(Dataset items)
******
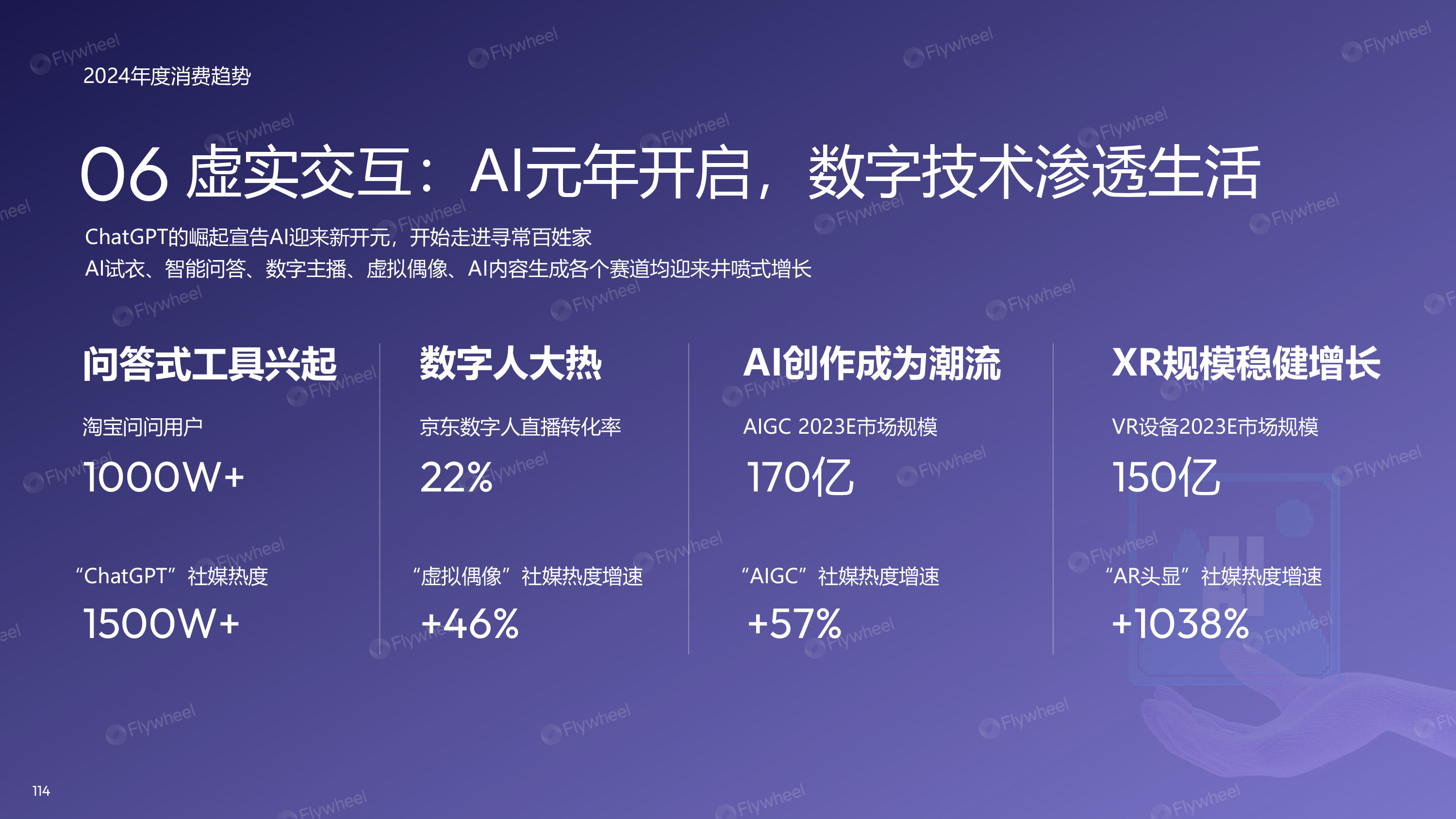 虚实交互:AI元年开启,数字技术渗透生活。ChatGPT的崛起宣告AI迎来新开元,开始走进寻常百姓家。AI试衣、智能问答、数字主播、虚拟偶像、AI内容生成各个赛道均迎来井喷式增长。
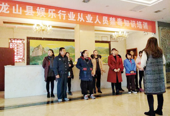 为进一步规范娱乐场所经营管理,有效防范新型毒品在娱乐场所的滋生,近日湖南省龙山县禁毒办对该县最大娱乐场所从业人员进行了禁毒知识宣传教育培训。
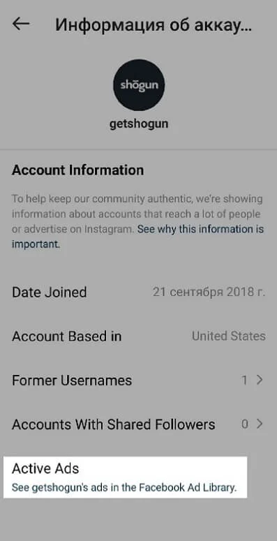 Рекламные публикации в инстаграм можно посмотреть через бизнес-страницу Facebook. В приложении Инстаграм можно посмотреть активные объявления для бизнес-аккаунтов. Для этого нужно нажать три точки меню, там выбрать «Активные объявления». Если такой кнопки нет, то либо аккаунт личный, либо сейчас он ничего не рекламирует.
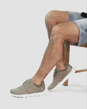 Men's sneakers. WATERPROOF Khaki Nobuck Leather. Lace-up Closure. Leather lining. Removable anatomical insole. Lightweight, flexible and strong EVA rubber sole. Heel height: 5 cm. 100% Made in Spain.
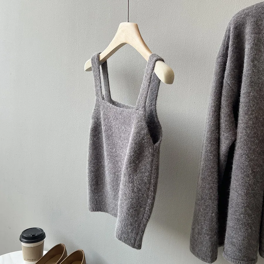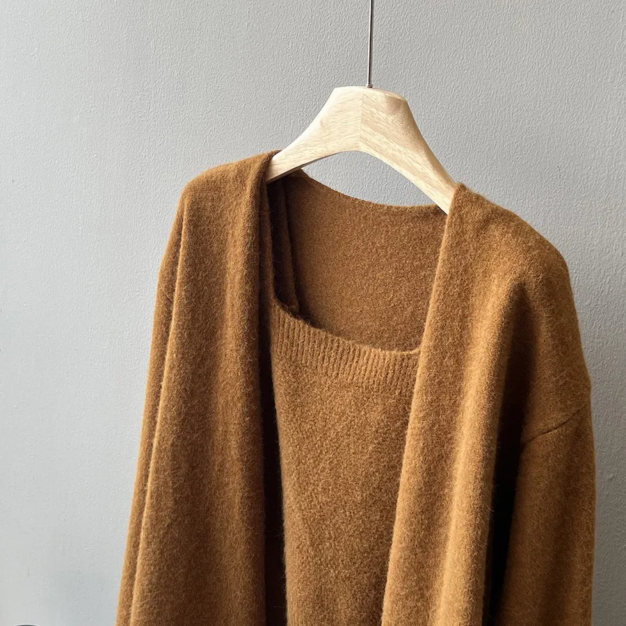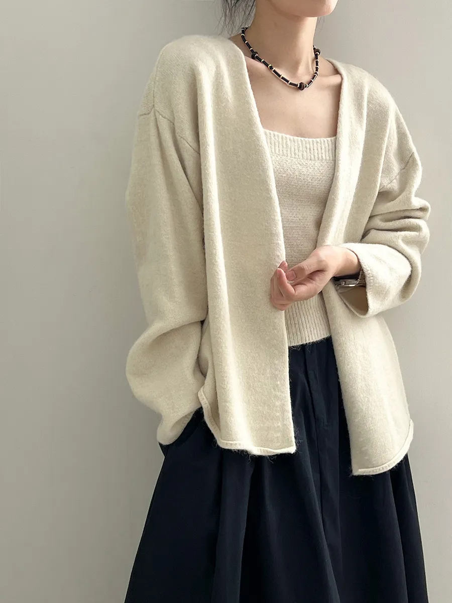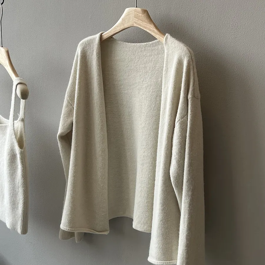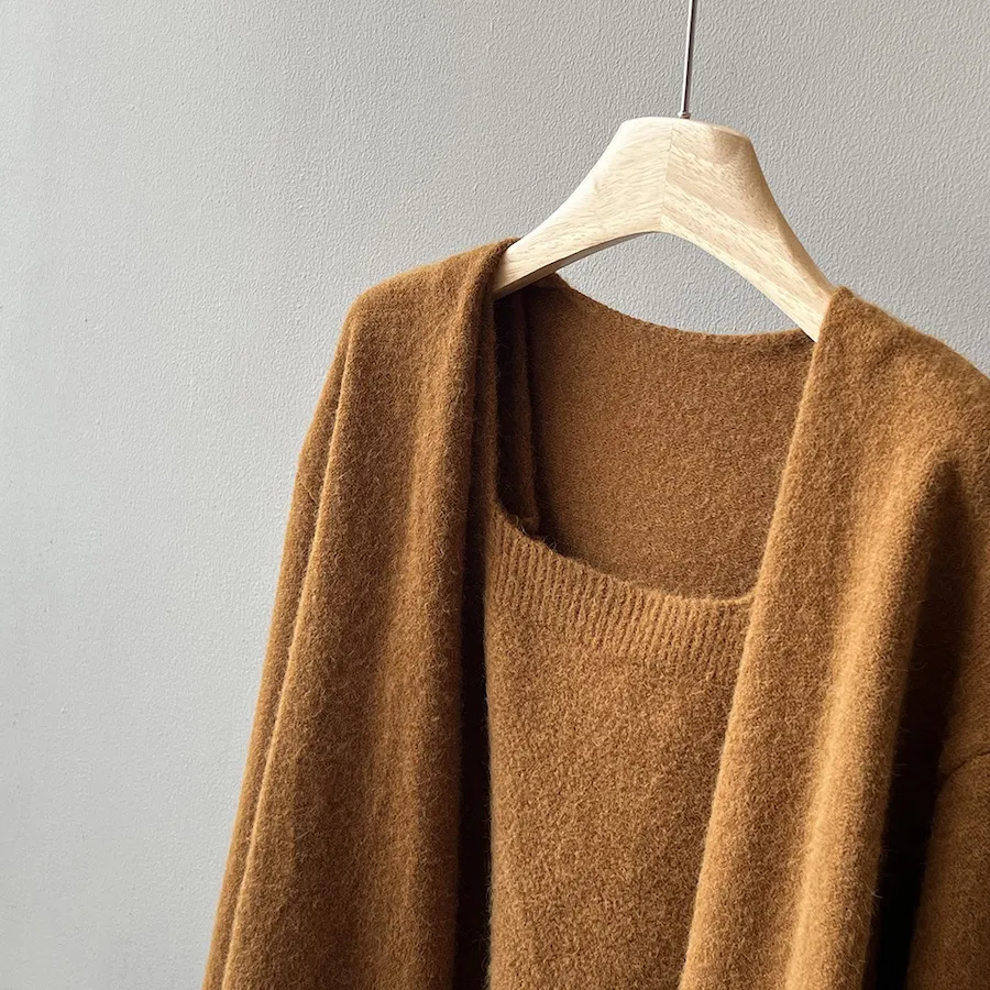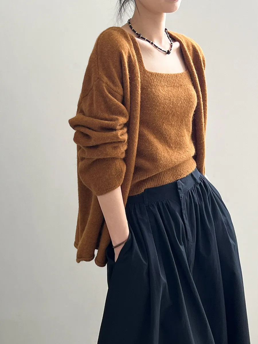 純色氣質雙面魅力針織套裝(罩衫+內搭背心) 4色
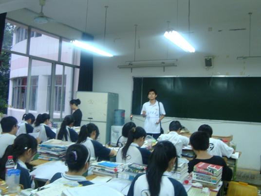 “重返地震灾区 共建和谐家园”暑期社会实践团成员走进江油市第一中学高三(11)、(12)、(13)班,利用同学们自习的时间,为将要面临高考的灾区学子进行了“沟通你我心灵 畅谈大学生活”的课堂互动活动,并做了相关的问卷调查。
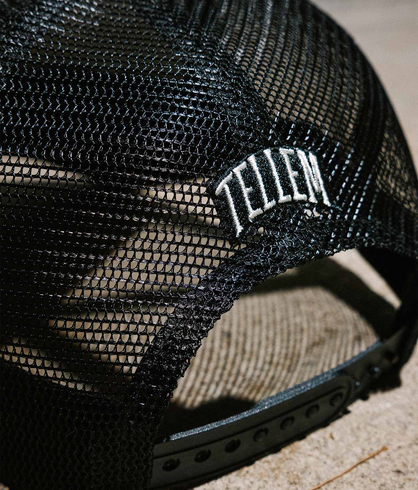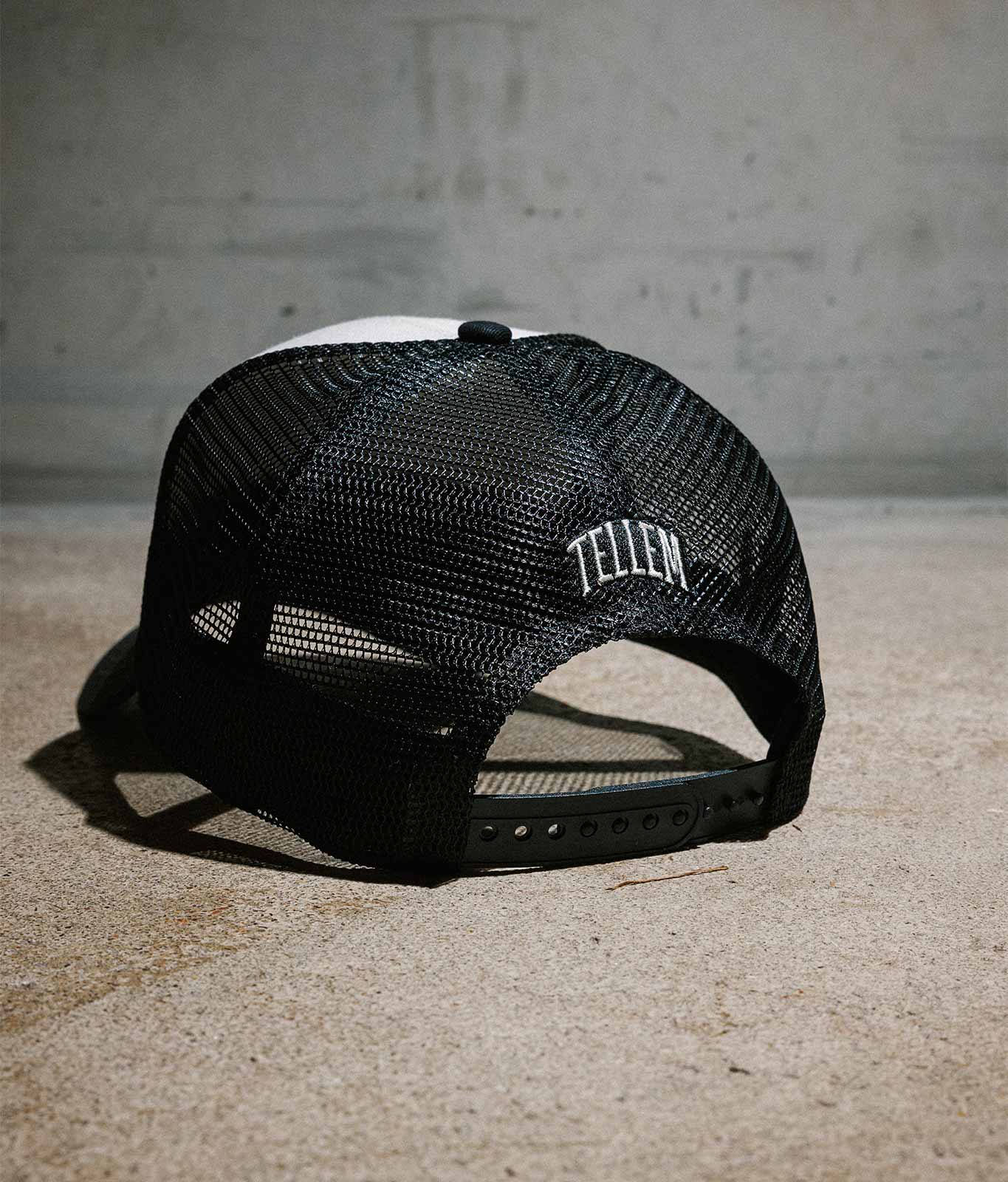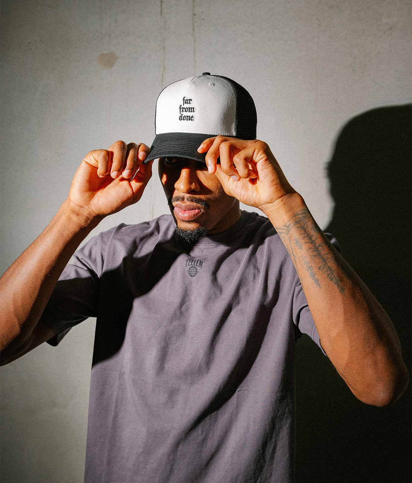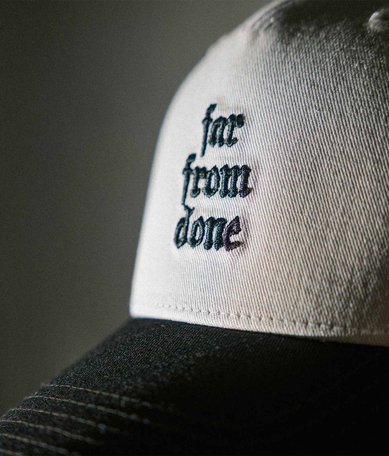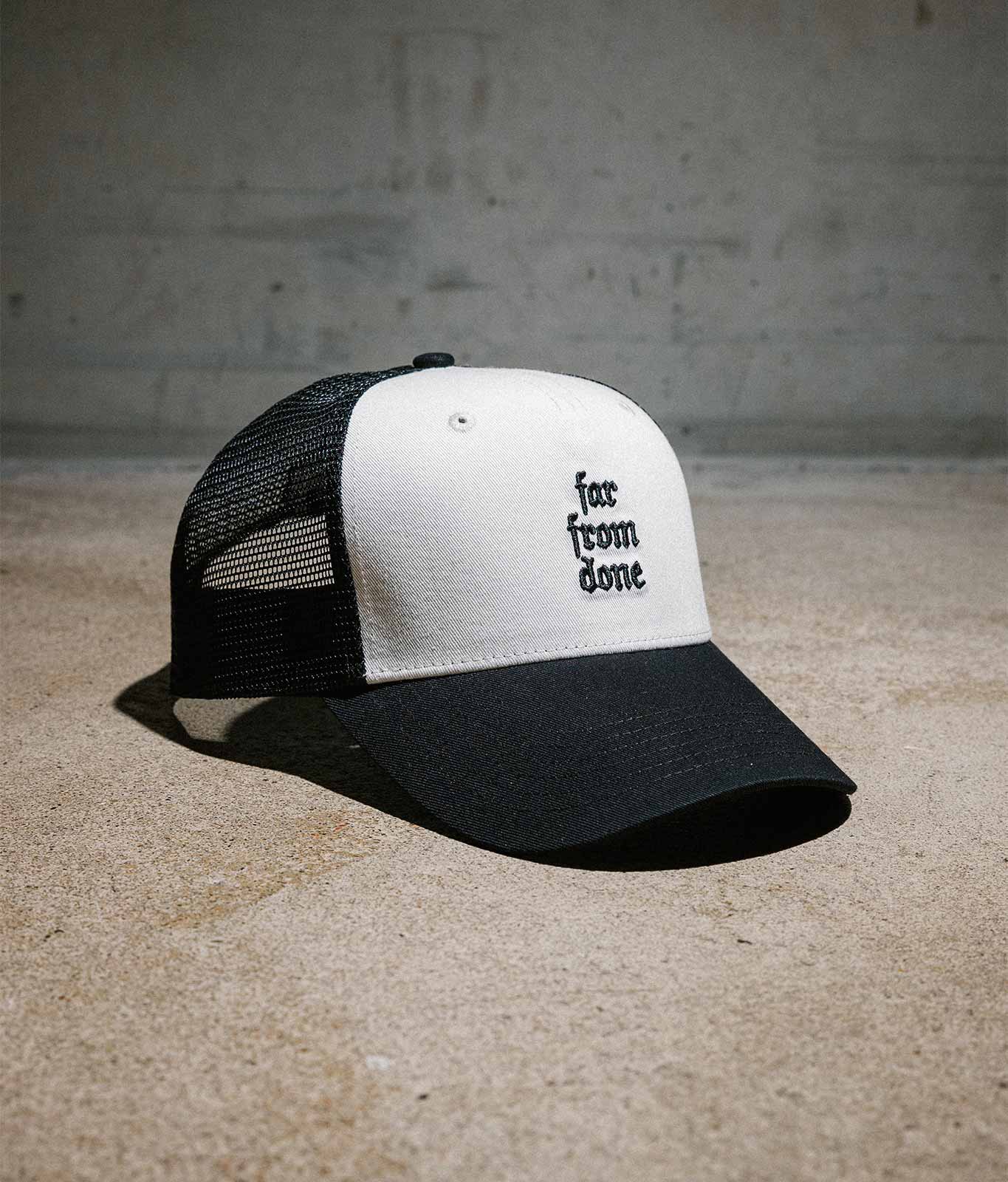 Auf der weißen Front der Trucker Cap ist die Message "Far from done" in schwarz aufgestickt. Die hinteren Panels sind schwarz und aus Mesh, ergänzend zu den hellen Frontpanels. Hinten, über dem Snap-Verschluss, ist dezent "Tellem" in flach aufgestickt.
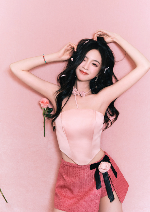 吴宣仪的夏日粉色玫瑰妆造, 这感觉如何?
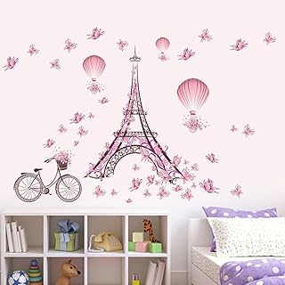 Wallpark Romantisch Rosa Schmetterling Paris Eiffelturm Blume Heißluft-Ballon Abnehmbare Wandsticker Wandtattoo, Kinder Kids Baby Hause Zimmer Kinderzimmer DIY Dekorativ Klebstoff Kunst Wandaufkleber
******
--- What you are asked to do ---
Exclude all pictures and return precisely the lines from the one containing "吴宣仪的夏日粉色玫瑰妆造, 这感觉如何?" through the closing line of the data.

--- Completed exercise ---
 吴宣仪的夏日粉色玫瑰妆造, 这感觉如何?
 Wallpark Romantisch Rosa Schmetterling Paris Eiffelturm Blume Heißluft-Ballon Abnehmbare Wandsticker Wandtattoo, Kinder Kids Baby Hause Zimmer Kinderzimmer DIY Dekorativ Klebstoff Kunst Wandaufkleber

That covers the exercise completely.